Exo-Planets Galore We've come an amazing distance in our ability to detect other planets around distant stars in the last twenty years. As a brief refresher, what happens is that a telescope watches a star for signs of either dimming (from a planet crossing in front of it) or a wobble (indicating an unseen partner is tugging it - imagine holding a child's hand and spinning around with them, and you'll get a picture of what's going on.)
When you have an orbital period and the amount of 'wiggle' in the star, you can make a decent estimate of what the mass of the unseen orbiting body is, by reversing Newton's tidal calculations, and you can also get a rough idea of the orbital velocity and the orbital radius.
To Quote the European Southern Observatory:
At an international ESO/CAUP exoplanet conference in Porto, the team who built the High Accuracy Radial Velocity Planet Searcher, better known as HARPS, the spectrograph for ESO's 3.6-metre telescope, reports on the incredible discovery of some 32 new exoplanets, cementing HARPS's position as the world's foremost exoplanet hunter. This result also increases the number of known low-mass planets by an impressive 30%. Over the past five years HARPS has spotted more than 75 of the roughly 400 or so exoplanets now known.
This discovery was widely reported as having discovered earth like planets, but clearly this is not the case. These techniques have their limits; the first is that we're unable to resolve planets that are lower than about 5 to 6 times the mass of the Earth, which means we're still no closer to finding another habitable planet in the distant solar system around the host star.
The second is that the radial velocity and transit method can only identify planets that have their orbital plane within about 15 degrees of perpendicular to ours. However, we're getting a large catalog of data on extrasolar planets, and are discovering that the Solar System is, in some ways, atypical.
One on usual discovery in exoplanets is that the most commonly found ones are multiple Jovians. That is to say the size of our planet Jupiter and bigger in mass, but orbiting with periods of less than a month - imagine if Jupiter were orbiting at 1/3 the orbital distance of Mercury, if you will.
Indeed, if you did this with Jupiter, you would get a planet that showed enough of a disk in the sky that its phases would be seen with the Naked eye as it traveled around the sun. A quick run on relative diameters shows that Jupiter would show over 850 times the surface area of Mercury at the same distance from either; the difference in reflected light from the greater distance would probably reduce this to about a 700-fold increase in brightness from Mercury.
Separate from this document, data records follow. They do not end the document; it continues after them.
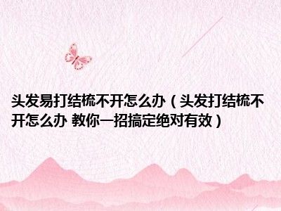 目前大家应该是对头发打结梳不开怎么办 教你一招搞定,绝对有效比较感兴趣的,所以今天小编CC就来为大家整理了一些关于头发打结梳不开怎么办 教你一招搞定,绝对有效方面的相关知识来分享给大家,希望大家会喜欢哦。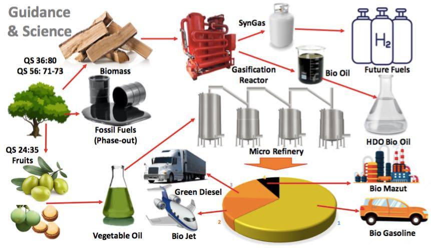 Maka petunjuk Ilahiah itu begitu penting dan relevan, di QS 36:80 diisyaratkan kita tidak perlu menunggu biomasa menjadi fosil, karena kayu yang masih hijau-pun bisa langsung menjadi energi. Salah satu teknologinya bahkan sudah kami kembangkan, yaitu reaktor gasifikasi yang bisa diberi umpan kayu basah sekalipun. Produknya berupa syngas dan panas yang bisa jadi listrik langsung atau bisa juga dengan membrane separation dijadikan Hydrogen yaitu bahan bakar masa depan yang super bersih.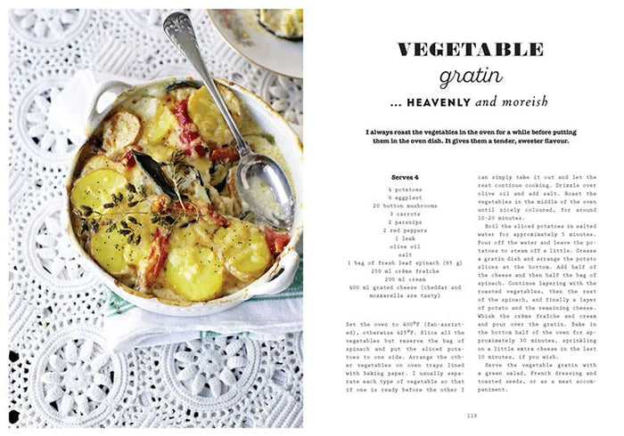 Milo Kalén shares the delights from her own Kaka på Kaka café in Sweden, offering a delightful collection of recipes for sweet and savory treats. Fika may be famous for its traditional baked goods, but Kalén also includes comforting lunch dishes such as Vegetable Gratin featuring roasted carrots, parsnips, and leeks smothered in grated cheddar and Tomato Soup with homemade dumplings.

Sky watching in such a system would be pretty spectacular.
However, there's something else we get to see from those Hot Jupiters transiting across the faces of stars hundreds of light years away. They're actually close enough to their stars that they're (slowly) being boiled off by them - and we can do spectroscopic readings of the gases coming off; mostly they've been carbon dioxide and methane, which are two fairly common gasses.